Обе армии потеряли бесчисленное количество своих воинов. Но ни одна из них не уронила наземь свое знамя, и страшный бой закончился ничем: не было проигравшего, и победившего не было…

К исходу дня Аэций приказал своей армии отступить. Догнать и растерзать отступающую армию ничего не стоило, но…

Аттила не стал преследовать. Почему он не сделал этого, почему? Он, кому такое понятие как нерешительность никогда не было присуще…

Что не позволило Аттиле сделать тот самый шаг, который мог запросто изменить весь дальнейший ход истории? Но он не отдал приказ, а потому события пошли по иному пути.

Тяжелые думы бороздили усталое лицо вождя, отбрасывали на него сумрачную тень. Между тем пир был уже в разгаре. Карачи разливали в серебряные кубки высоких гостей огненное вино – кровь солнца.

Лишь перед Аттилой стояла чаша из обыкновенного сандалового дерева – не пристало ему, стоящему выше всех, преклоняться серебру да злату, подавая дурной пример своим подданным.

Не один и не два раза взор вождя останавливался на дальнем конце стола, где велась весьма оживленная беседа, старательно укрываемая от гостей, сидящих за другими столами.

– …Что скажешь мне, друг Визигаст? – пригнувшись к уху соседа, прошептал король Ардарих.

– То, что я могу тебе сказать, – сквозь густую бороду ответил король ругов, – хорошо известно всем нам. Гнет хуннов невыносим. Он никого не слушает. Я просил его выступить в поход против Рима, но он мне ничего не ответил. Когда же, наконец, его свергнут?
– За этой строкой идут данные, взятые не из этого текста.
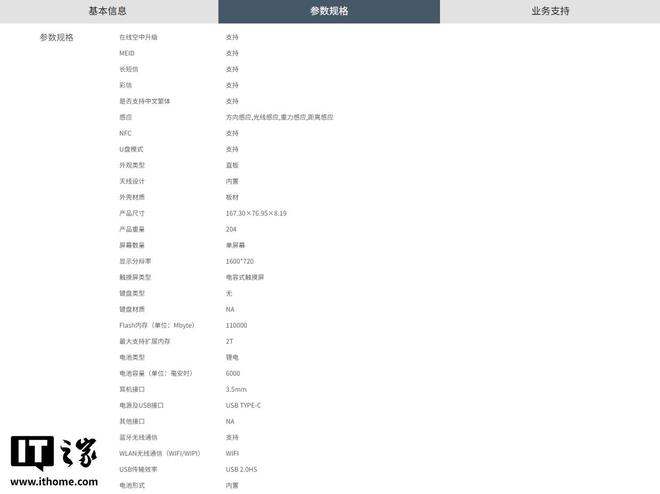 该机尺寸为 167.30×76.95×8.19mm、重约 204g,配备3.5mm 耳机接口 + USB Type-C 接口(USB 2.0HS 传输速率),其屏幕分辨率为 1600*720,内置 6000mAh 电池。

– Когда его свергнут Боги, – вмешался Гервальт.

Король Ардарих задумчиво молчал.

– Ты храбр и горд, как весь твой благородный народ. Должен ли я напомнить тебе о том, что ты сам знаешь? И терпишь все подобно нам? Хунн господствует повсюду. Ни Рим, ни Византия не дерзают сами один на один выйти против него! А страшного Гейзерита, бича морей, он называет своим братом. Он покорил все народы от Византии на востоке до Янтарных Островов Северного моря. И каково его господство? Один произвол! Иногда, по прихоти, он великодушен, но вместе с тем никто другой, как хунн, не отличается жестокостью, насилием, святотатством… Ни короли, ни поселяне, ни бедные женщины не могут считать себя в безопасности от его прихотей и желаний. Но из побежденных им народов только с нами поступает он безжалостнее всего, с нами, белокурым и голубоглазым племенем, считающим своими предками Асгардов… Нас, германцев, как прозвали нас римляне, он стремится не только подавить, но и перед всеми опозорить. И так он поступает со всеми…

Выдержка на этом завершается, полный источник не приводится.